── Material provided ──

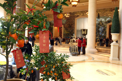 At The Venetian and Palazzo, much of the public areas of the two resorts will be decorated with red and gold color schemes and symbols of luck, such as golden coins, traditional tangerine trees, a wishing tree, silk banners and custom-made lotus lanterns.
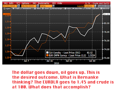 Another stimulating article, Bruce. You really pack the content into as few words as possible! I'm wondering if the idea of trying to get inflation by having oil rise won't just cause more deflation. I read for instance that an oil rise to $100 would break the back of the economy. Result of an increase in the price of oil would simply cause more businesses to close, more would-be consumers to lose their jobs and thus more depression. Bernanke et al must be getting desperate but they can't win, no matter what. I think Europe is doing better because the Germans are showing leadership, saying no to naked shorting, etc. They are trying to deal with accounting shenanigans and financial abuses, whereas the US continues to believe that deception works best.
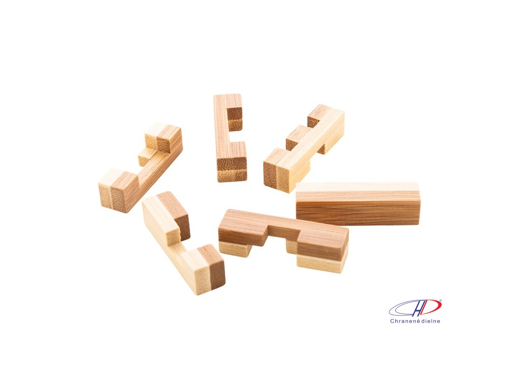Bambusový hlavolam v kraftovej papierovej krabičke.Dodatočné parametre
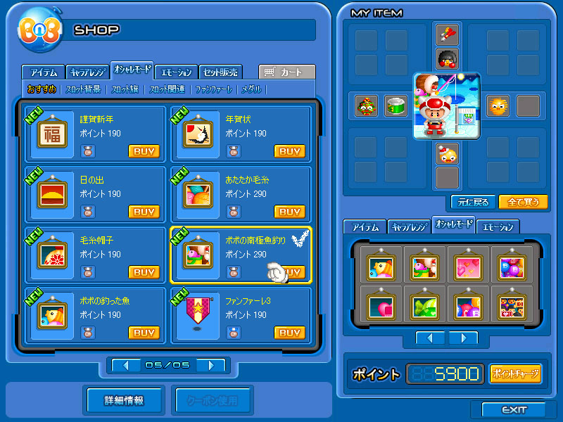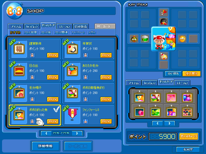 今回追加されたポイントアイテムは,新年にちなんだ"謹賀新年"や"年賀状"を始めとする7種類。毛糸など冬を意識させるものから,"ポポの南極魚釣り"や"ポポの釣った魚"といったユニークなアイテムまで用意されている。
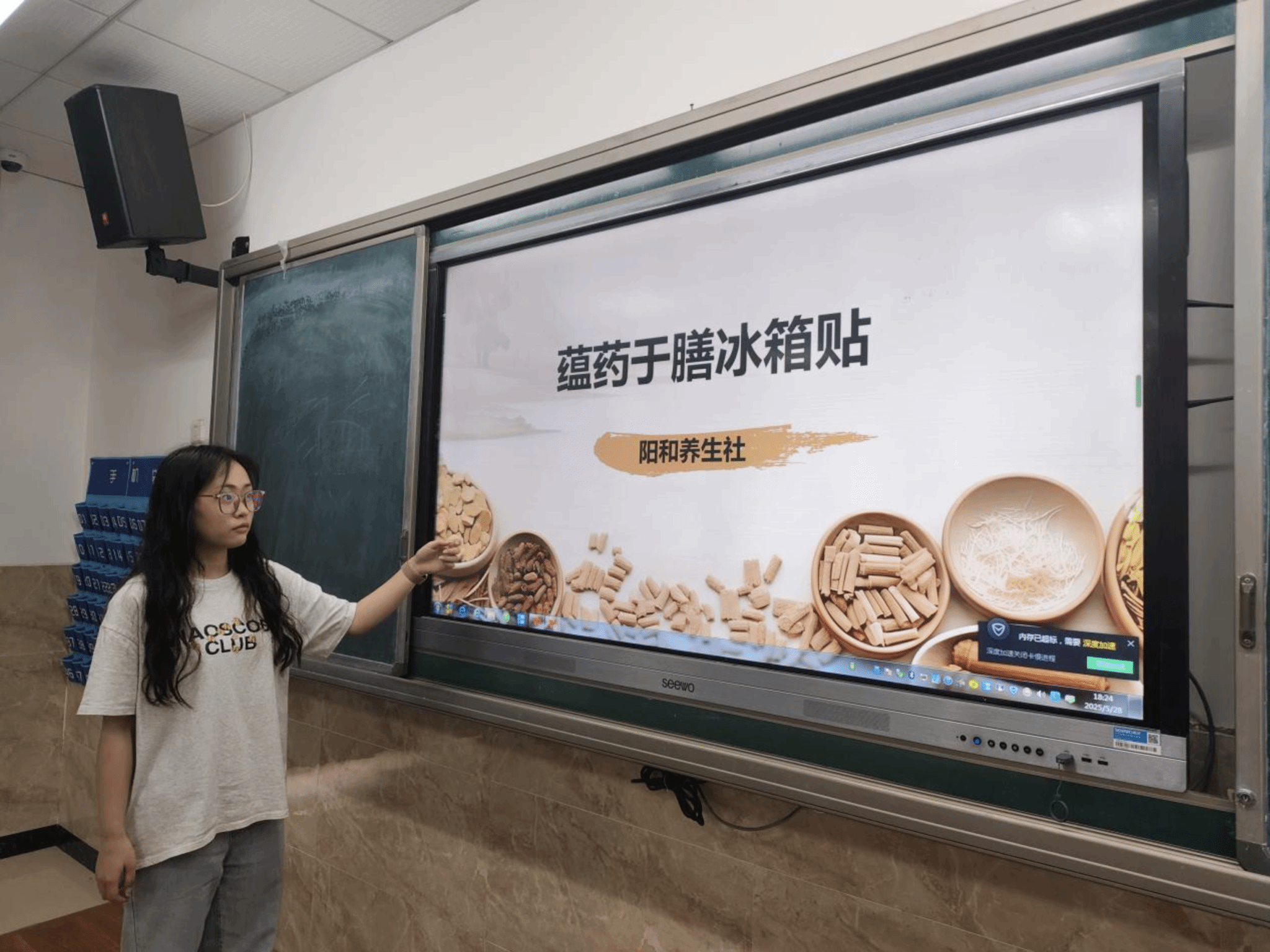 为了让同学们感受到中医药文化的博大精深,激发他们对中医药传统文化传承意识,阳和养生社于2025年5月28日下午在教学楼开展以“蕴药于膳冰箱贴”为主题的社团活动,本次活动由周莉江老师指导,阳和养生社成员共同参与。

───

Set down all the data again exactly as above, pictures excluded.

Task answer |
 At The Venetian and Palazzo, much of the public areas of the two resorts will be decorated with red and gold color schemes and symbols of luck, such as golden coins, traditional tangerine trees, a wishing tree, silk banners and custom-made lotus lanterns.
 Another stimulating article, Bruce. You really pack the content into as few words as possible! I'm wondering if the idea of trying to get inflation by having oil rise won't just cause more deflation. I read for instance that an oil rise to $100 would break the back of the economy. Result of an increase in the price of oil would simply cause more businesses to close, more would-be consumers to lose their jobs and thus more depression. Bernanke et al must be getting desperate but they can't win, no matter what. I think Europe is doing better because the Germans are showing leadership, saying no to naked shorting, etc. They are trying to deal with accounting shenanigans and financial abuses, whereas the US continues to believe that deception works best.
Bambusový hlavolam v kraftovej papierovej krabičke.Dodatočné parametre
 今回追加されたポイントアイテムは,新年にちなんだ"謹賀新年"や"年賀状"を始めとする7種類。毛糸など冬を意識させるものから,"ポポの南極魚釣り"や"ポポの釣った魚"といったユニークなアイテムまで用意されている。
 为了让同学们感受到中医药文化的博大精深,激发他们对中医药传统文化传承意识,阳和养生社于2025年5月28日下午在教学楼开展以“蕴药于膳冰箱贴”为主题的社团活动,本次活动由周莉江老师指导,阳和养生社成员共同参与。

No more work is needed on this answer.